With original stories by New York Times bestselling authors Jonathan Stroud, Gregory Maguire, Garth Nix, Diana Gabaldon, Tamora Pierce, Harry Turtledove, Sean Williams, and Tad Williams as well as tales by Naomi Novik, Peter Beagle, Jane Yolen, Adam Stemple, Cecelia Holland, Kage Baker, Samuel Sykes, Diana Wynne Jones, Mary Rosenblum, Tanith Lee, Andy Duncan, and Bruce Coville.
What I love about anthologies like The Dragon Book is that they really introduce you to new authors that you might not have noticed before.
The Dragon Book does this wonderfully well, as it has a number of excellent authors in it, such as Tamora Pierce, Jonathan Stroud, and Diana Wynne Jones, that I love but it also introduced me to a number of new authors that I hadn’t read as well, such as; Peter Beagle, Garth Nix, and Tad Williams.

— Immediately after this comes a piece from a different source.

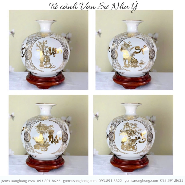 Bình Hút Lộc Sứ Trắng Vẽ Vàng Kim Vạn Sự Như Ý - Mẫu 3
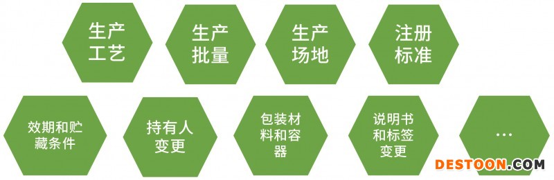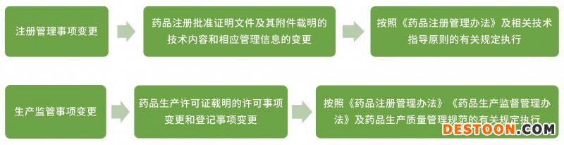 藥品上市后變更包括注冊管理事項(xiàng)變更和生產(chǎn)監(jiān)管事項(xiàng)變更,也就是涉及注冊批件和生產(chǎn)許可證相關(guān)事項(xiàng)的變更。依據(jù)變更對藥品安全性、有效性和質(zhì)量可控性的風(fēng)險和產(chǎn)生影響的程度,將變更劃分為審評類變更,備案類變更和報告類變更。

Peter Beagle’s story, “Oakland Dragon Blues” is incredibly imaginative. It follows a dragon that comes out from an unfinished story and attempts to find its author to in act revenge. Besides its creativity Beagle really offers up dragons in a different light, as the dragon just wants to get home or die and isn’t vicious or bloodthirsty, just someone looking for a way back home. Beagle does a great job with the humor of the piece as well. The story is short, to the point, and no previous info is needed to understand it, making it a hilarious and great short story.
I’ve never read anything by Garth Nix, but I’ve heard his name come up in countless conversations about young adult fantasy books. He’s the author of The Old Kingdom series, The Seventh Tower series, and the Keys To The Kingdom series. And while you might assume he would turn to the traditional sense of dragons, his series dealing so much in traditional kingdom settings, his newest short story “Stop!” is anything but. In “Stop!” the dragon is an alien like creature that tries to turn a man into a creature like himself but dies before completing the task, leaving the man half human half dragon. A dragon is nothing what we would expect, and instead this man is near indestructible, but just looking for a way to die. The dragon leaks radiation and this is one of the reasons why anyone who touches him dies instantly. The story is short and tense the whole way through, and reminded me a little bit of Simon Green’s Just Another Judgment Day. A very unique take on dragons and interesting story.
Tad Williams is another author I’ve heard a lot about but never read. He’s incredibly famous for a number of books but he’s currently writing his Shadowmarch series. His short story “A Stark and Wormy Knight” is an interesting reversal of the traditional dragon tale. The story tells the tale of a traditional knight coming to save a princess but from the dragon’s point of view. The story is interesting and humorous and really a surprisingly good read, certainly a keeper in The Dragon Book.
All in all The Dragon Book, like it’s predecessor The Wizard Book, is a great read. It offers up a number of short stories ranging in length from short 12 page or less stories, to novella size stories. I was excited and happy with the level of writing in the stories and really feel the authors included in this anthology are top of the line. The Dragon Book is a great place to learn about other great authors and really is a fun book to read between books, making it a must buy for those times you don’t have time to start a book but feel like something quick and good.